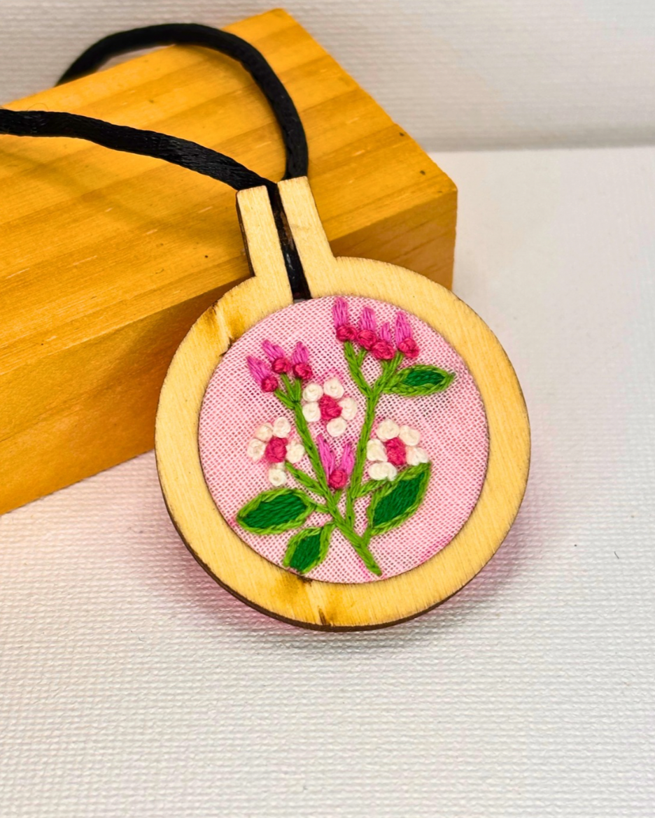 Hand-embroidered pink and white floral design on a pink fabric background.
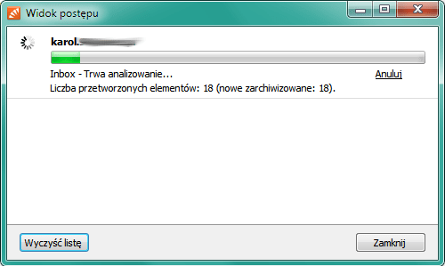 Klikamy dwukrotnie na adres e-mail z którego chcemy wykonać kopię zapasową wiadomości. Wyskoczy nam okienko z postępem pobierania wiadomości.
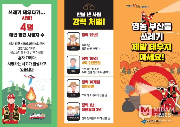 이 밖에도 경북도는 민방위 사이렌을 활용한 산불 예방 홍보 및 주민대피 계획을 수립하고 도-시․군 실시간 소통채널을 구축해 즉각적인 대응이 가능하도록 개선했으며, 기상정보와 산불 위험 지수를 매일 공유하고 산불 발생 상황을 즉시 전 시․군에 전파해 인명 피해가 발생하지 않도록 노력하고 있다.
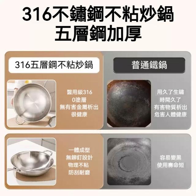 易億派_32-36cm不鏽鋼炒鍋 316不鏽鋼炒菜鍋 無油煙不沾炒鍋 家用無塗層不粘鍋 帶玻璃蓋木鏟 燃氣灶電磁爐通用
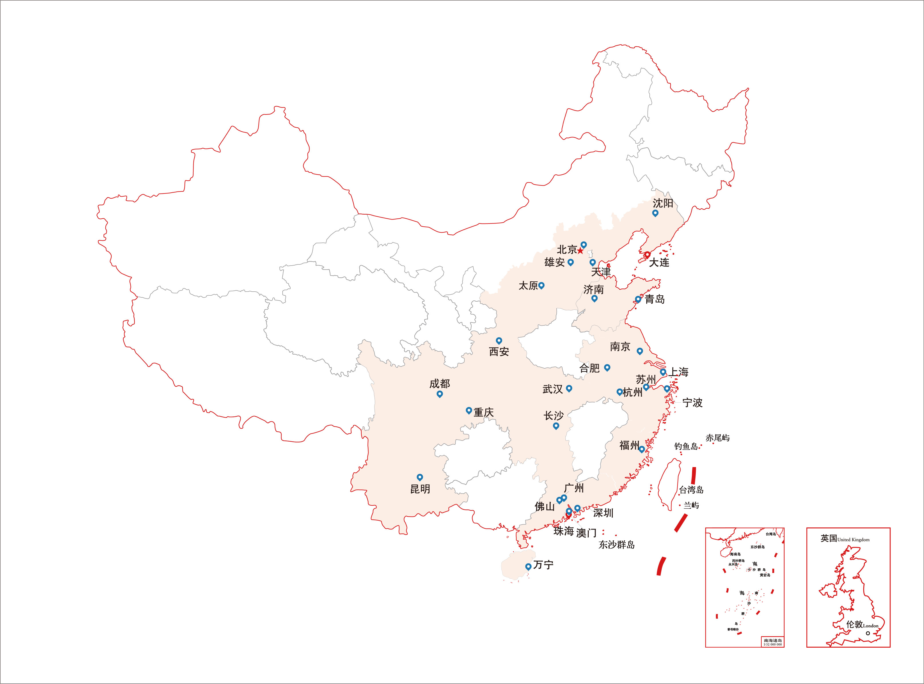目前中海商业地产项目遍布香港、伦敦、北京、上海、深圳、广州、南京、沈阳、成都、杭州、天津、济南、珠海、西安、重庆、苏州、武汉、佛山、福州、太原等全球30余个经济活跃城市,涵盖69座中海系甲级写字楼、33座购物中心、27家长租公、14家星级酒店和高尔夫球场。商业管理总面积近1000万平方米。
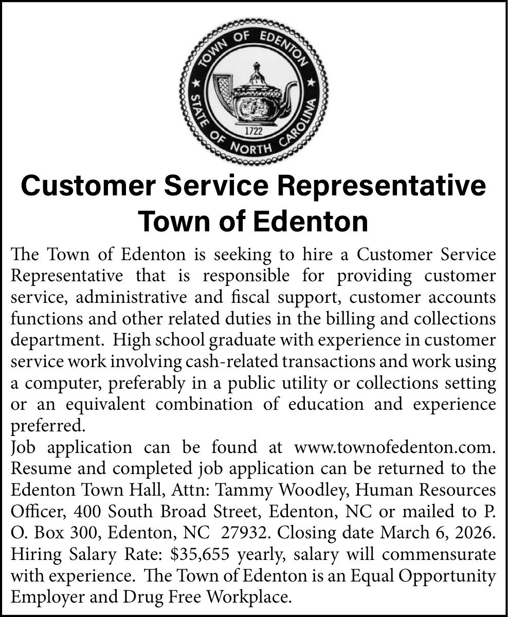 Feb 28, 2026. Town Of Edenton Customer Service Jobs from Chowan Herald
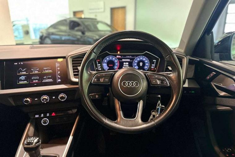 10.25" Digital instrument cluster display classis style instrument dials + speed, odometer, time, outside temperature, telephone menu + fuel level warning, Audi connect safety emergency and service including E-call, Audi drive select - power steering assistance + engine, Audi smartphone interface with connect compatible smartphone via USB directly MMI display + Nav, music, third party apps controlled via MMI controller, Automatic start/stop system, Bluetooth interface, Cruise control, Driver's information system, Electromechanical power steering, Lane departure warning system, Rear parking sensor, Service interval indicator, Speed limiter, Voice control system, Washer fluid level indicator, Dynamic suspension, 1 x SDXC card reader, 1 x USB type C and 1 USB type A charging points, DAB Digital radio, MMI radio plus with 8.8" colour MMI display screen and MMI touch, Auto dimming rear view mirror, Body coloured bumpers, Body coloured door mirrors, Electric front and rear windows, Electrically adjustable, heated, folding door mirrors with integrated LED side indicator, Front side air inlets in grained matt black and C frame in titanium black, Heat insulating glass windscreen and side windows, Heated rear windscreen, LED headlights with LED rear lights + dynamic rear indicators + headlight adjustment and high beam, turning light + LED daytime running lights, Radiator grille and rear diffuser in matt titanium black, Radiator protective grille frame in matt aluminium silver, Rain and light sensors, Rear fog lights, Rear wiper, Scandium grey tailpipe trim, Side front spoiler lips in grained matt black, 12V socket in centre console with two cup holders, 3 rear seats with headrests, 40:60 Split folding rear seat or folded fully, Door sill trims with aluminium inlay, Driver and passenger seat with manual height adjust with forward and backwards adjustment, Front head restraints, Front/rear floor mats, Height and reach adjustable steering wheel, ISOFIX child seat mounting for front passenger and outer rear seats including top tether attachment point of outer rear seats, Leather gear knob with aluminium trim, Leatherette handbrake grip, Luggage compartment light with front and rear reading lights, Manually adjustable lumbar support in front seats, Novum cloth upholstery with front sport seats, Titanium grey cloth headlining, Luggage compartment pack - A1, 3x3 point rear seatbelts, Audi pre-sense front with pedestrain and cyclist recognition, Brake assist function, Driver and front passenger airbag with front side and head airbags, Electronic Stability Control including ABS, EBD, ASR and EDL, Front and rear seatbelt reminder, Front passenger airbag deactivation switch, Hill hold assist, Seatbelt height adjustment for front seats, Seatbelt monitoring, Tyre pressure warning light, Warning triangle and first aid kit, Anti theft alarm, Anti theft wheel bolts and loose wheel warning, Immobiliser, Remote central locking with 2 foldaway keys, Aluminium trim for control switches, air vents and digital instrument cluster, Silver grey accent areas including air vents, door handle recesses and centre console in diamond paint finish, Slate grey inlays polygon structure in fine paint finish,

####

**TASK DETAILS**
Print, word for word, the lines above that run from the line containing "이 밖에도 경북도는 민방위" to the line containing "Feb 28, 2026.", both included. Keep the pictures out.

**ANSWER SPACE**
 이 밖에도 경북도는 민방위 사이렌을 활용한 산불 예방 홍보 및 주민대피 계획을 수립하고 도-시․군 실시간 소통채널을 구축해 즉각적인 대응이 가능하도록 개선했으며, 기상정보와 산불 위험 지수를 매일 공유하고 산불 발생 상황을 즉시 전 시․군에 전파해 인명 피해가 발생하지 않도록 노력하고 있다.
 易億派_32-36cm不鏽鋼炒鍋 316不鏽鋼炒菜鍋 無油煙不沾炒鍋 家用無塗層不粘鍋 帶玻璃蓋木鏟 燃氣灶電磁爐通用
目前中海商业地产项目遍布香港、伦敦、北京、上海、深圳、广州、南京、沈阳、成都、杭州、天津、济南、珠海、西安、重庆、苏州、武汉、佛山、福州、太原等全球30余个经济活跃城市,涵盖69座中海系甲级写字楼、33座购物中心、27家长租公、14家星级酒店和高尔夫球场。商业管理总面积近1000万平方米。
 Feb 28, 2026. Town Of Edenton Customer Service Jobs from Chowan Herald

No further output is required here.